- TRY IT -
Among the lines below, take the one holding "WYMIARY: (szerokość czapeczki", the one holding "Вкусные и такие", and all lines between them. Set them down exactly.

- DATASET EXTRACT -
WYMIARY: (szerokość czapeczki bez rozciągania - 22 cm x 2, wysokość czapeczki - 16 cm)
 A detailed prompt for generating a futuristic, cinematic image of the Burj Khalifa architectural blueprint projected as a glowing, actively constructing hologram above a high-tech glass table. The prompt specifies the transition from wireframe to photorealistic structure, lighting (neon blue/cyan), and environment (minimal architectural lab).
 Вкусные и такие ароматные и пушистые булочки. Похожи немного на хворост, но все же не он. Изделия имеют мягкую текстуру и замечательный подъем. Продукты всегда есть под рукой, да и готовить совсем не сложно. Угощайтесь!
--
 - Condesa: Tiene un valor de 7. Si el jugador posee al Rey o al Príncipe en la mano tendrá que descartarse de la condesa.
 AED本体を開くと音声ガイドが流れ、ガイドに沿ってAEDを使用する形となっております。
==
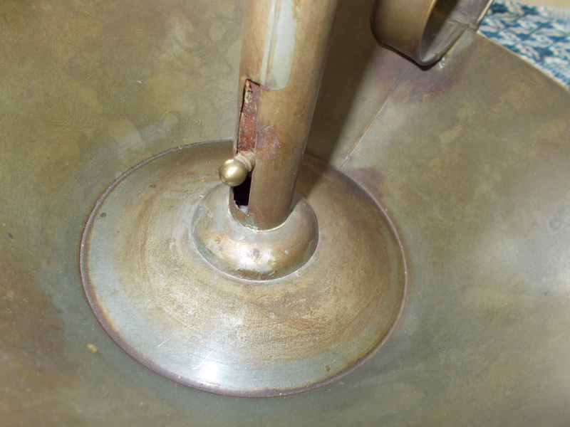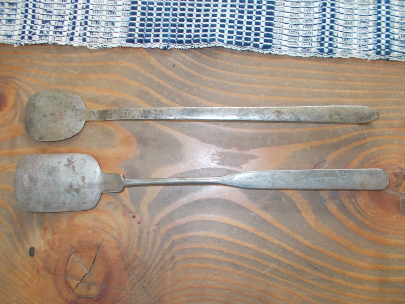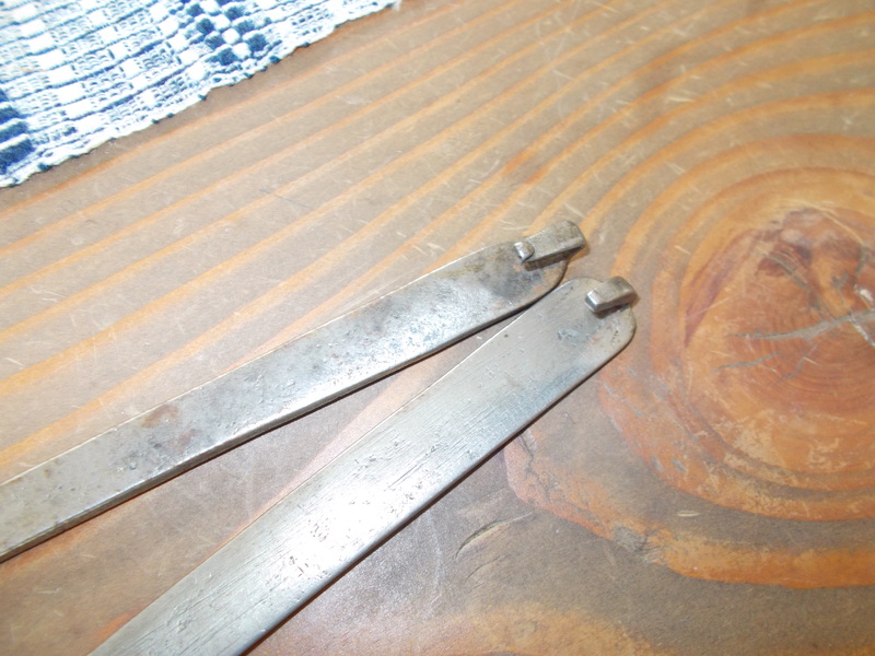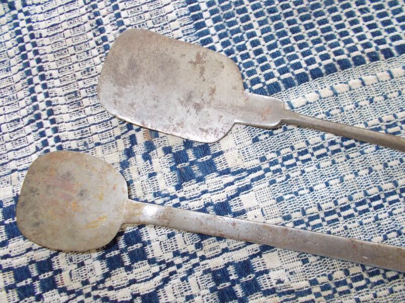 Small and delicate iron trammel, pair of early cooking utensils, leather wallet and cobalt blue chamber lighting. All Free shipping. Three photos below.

- ANSWER SPACE -
WYMIARY: (szerokość czapeczki bez rozciągania - 22 cm x 2, wysokość czapeczki - 16 cm)
 A detailed prompt for generating a futuristic, cinematic image of the Burj Khalifa architectural blueprint projected as a glowing, actively constructing hologram above a high-tech glass table. The prompt specifies the transition from wireframe to photorealistic structure, lighting (neon blue/cyan), and environment (minimal architectural lab).
 Вкусные и такие ароматные и пушистые булочки. Похожи немного на хворост, но все же не он. Изделия имеют мягкую текстуру и замечательный подъем. Продукты всегда есть под рукой, да и готовить совсем не сложно. Угощайтесь!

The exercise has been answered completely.